RECUERDO DE LETICIA
EL bigotudo, serio y cetrino mariscal Ramón Castilla era un hombre de armas tomar y retomar. Amante de las estrategias militares, del ejercicio de tiro, de la efusión de disparos, gustaba del golpe militar. Y, justamente, tratando de sacarle la mugre a un rival suyo, tramando una nueva asonada, falleció cabalgando en su caballo, en Tiviliche. El tarapaqueño tuvo muchos defectos, como el exagerado juego de naipes, hizo una barrabasada en la maraña al ordenar la cacería de Ashánincas, pero con él en el gobierno este país de marras y amarras no hubiera perdido Leticia, que no es el nombre de una fémina sino de una ciudad que fue peruana y que ahora es de Colombia.
En el vergonzante historial del Perú en lo referente a pérdida territorial, jamás de los jamases se había llegado al extremo de entregar una urbe con todos sus habitantes como si fueran reses o primates de circo. El artífice de ese oprobio fue el pequeño Augusto Bernardino Leguía Salcedo. Pocos como él desataron tanto el espíritu de la sobonería nacional, pues fue comparado con grandes guerreros y llegó a ser nombrado como “Júpiter presidente”. El petardista Castilla jamás hubiera aceptado presiones para conceder tierras y gentes. Menos ese lugar que él inventó, porque quería allí un fuerte militar para defender la patria constantemente amenazada.

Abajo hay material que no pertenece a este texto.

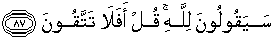 87. Mereka akan menjawab: "Kepunyaan Allah." Katakanlah: "Maka apakah kamu tidak bertakwa?"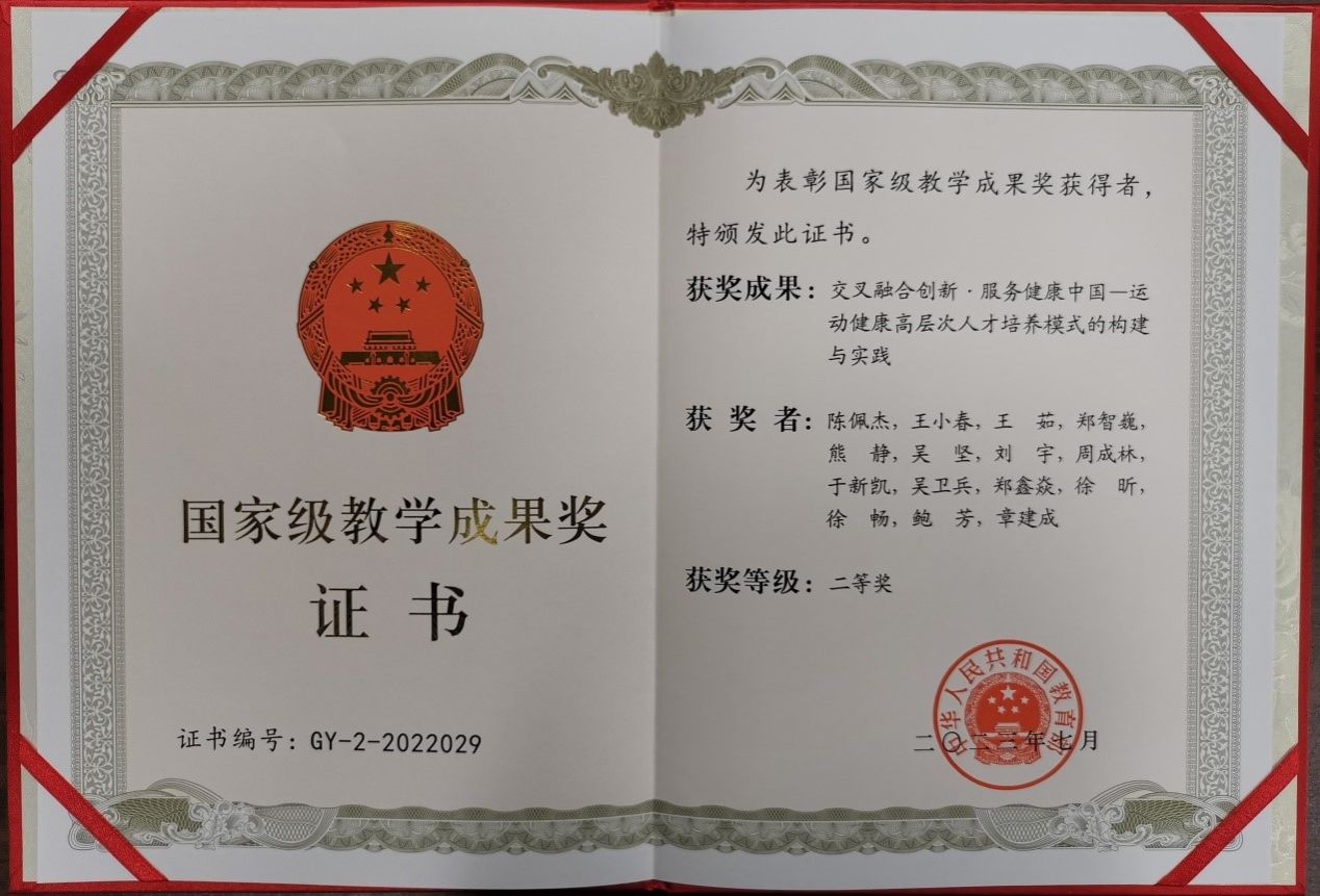 近日,教育部颁发了国家级教学成果奖证书和奖章,ok138cn太阳集团作为第一完成单位,共获国家级教学成果奖2项。其中我校陈佩杰教授牵头完成的《交叉融合创新•服务健康中国—运动健康高层次人才培养模式的构建与实践》成果荣获高等教育(研究生)国家级教学成果奖二等奖,这是我校首次获得该奖项。

La toma de Leticia, gesta local realizada el 2 de setiembre, un día como ayer, es muchas cosas en nuestra historia regional. En primer lugar, evidencia el coraje de la mujer amazónica que fue la que protestó inicialmente en Iquitos contra el entreguismo. Luego es una impugnación a las decisiones del centralismo, de los caudillos que a través de los años decidieron en contra de esta región de los bosques. Es cierto que en determinado momento obedeció a los intereses particulares del cauchero Julio César Arana, pero en el fondo fue un esfuerzo cívico para detener la larga historia del despojo territorial.